▸ **WHAT TO DO**
Produce a word-for-word copy of the line that contains "509 Hammenhög v" and each line after it through the end of the material, omitting pictures and all other lines.

▸ **SUPPLIED INFORMATION**
-- Opening Marker --

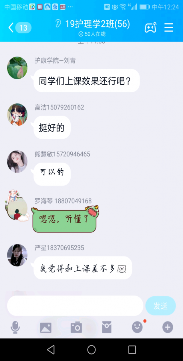 护理与康复学院共有65门课完成了网上建课,主要依托超星、中国大学MOOC智慧树和学堂在线开展线上教学。在超星等平台互动不流畅时,老师们启用应急教学预案,利用QQ直播钉钉和腾讯会议等平台进行直播。吴玉华经理用学习通录播课程,同学们有不懂的疑难知识点可以错开高峰期反复回看,提升学习效率。同时她还利用学习通群聊功能关注同学们心理健康问题,做到防疫学习两不误。刘青老师利用腾讯会议开展课程直播教学,同屏教学PPT,抽象知识点可以运用白板功能及时讲解,员工反映和平时面授上课效果一样,反响良好。
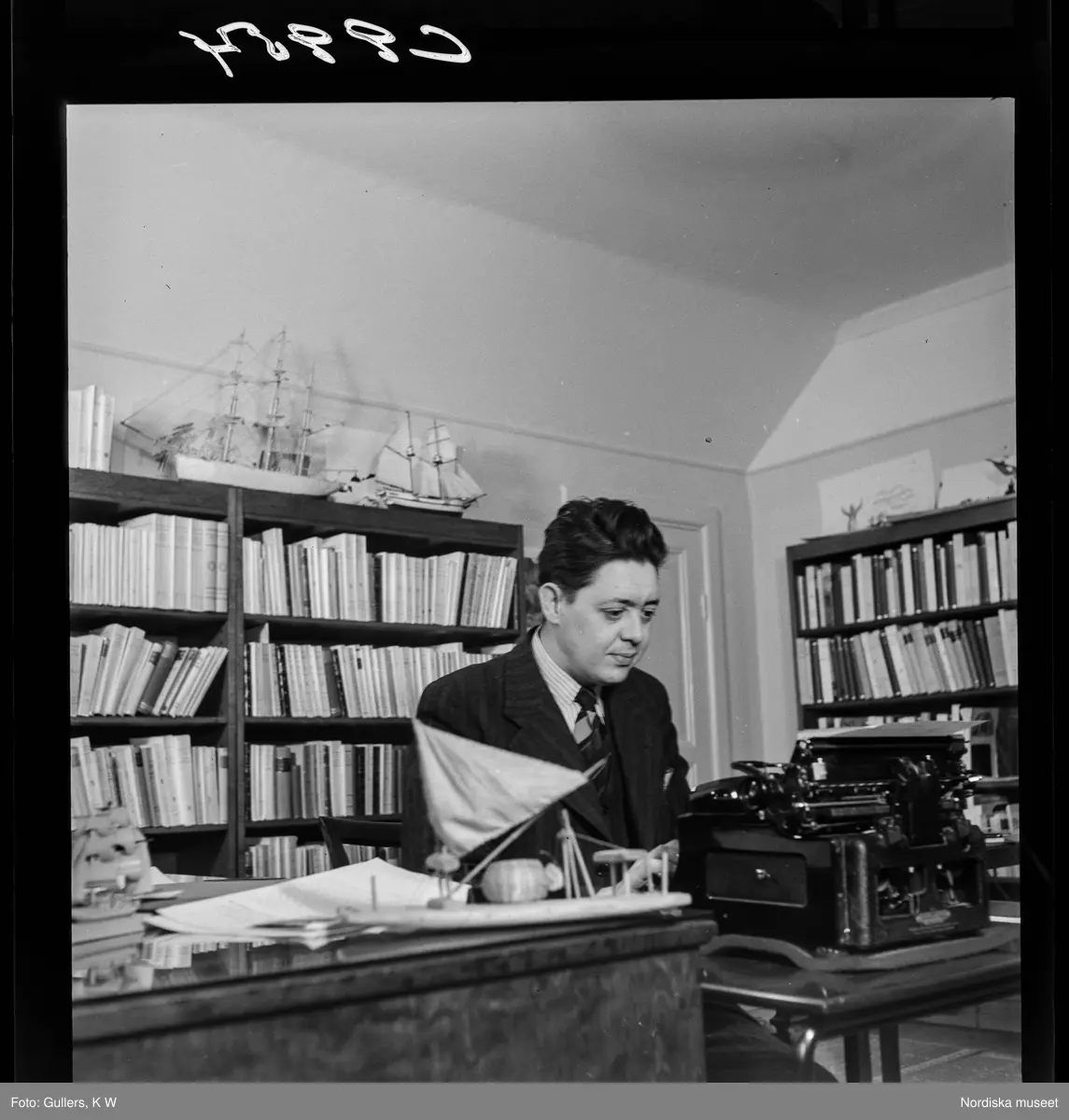509 Hammenhög v för Allers. En man sittandes vid skrivmaskin. PÅ bokhyllan bakom honom står modellfartyg.
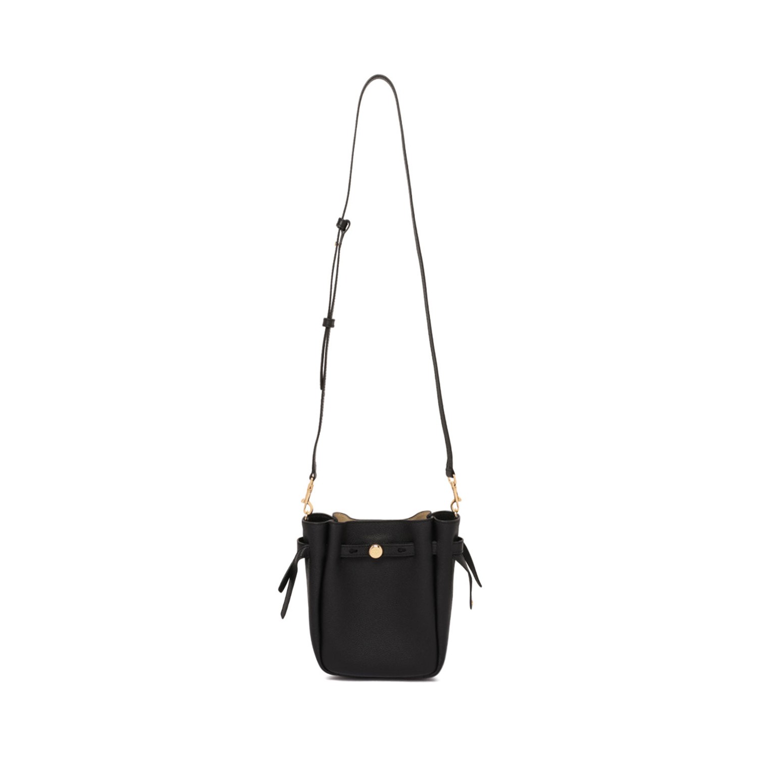 Tory Burch Black Romy Phone Shoulder Bag. Black Romy phone shoulder bag is crafted from premium hammered leather, with a thin belt that defines its soft curves and movement. Finished with minimalist details, a comfortable shoulder strap and internal pockets for a lightweight and highly functional model.

-- Closing Marker --

▸ **EXERCISE RESPONSE**
509 Hammenhög v för Allers. En man sittandes vid skrivmaskin. PÅ bokhyllan bakom honom står modellfartyg.
 Tory Burch Black Romy Phone Shoulder Bag. Black Romy phone shoulder bag is crafted from premium hammered leather, with a thin belt that defines its soft curves and movement. Finished with minimalist details, a comfortable shoulder strap and internal pockets for a lightweight and highly functional model.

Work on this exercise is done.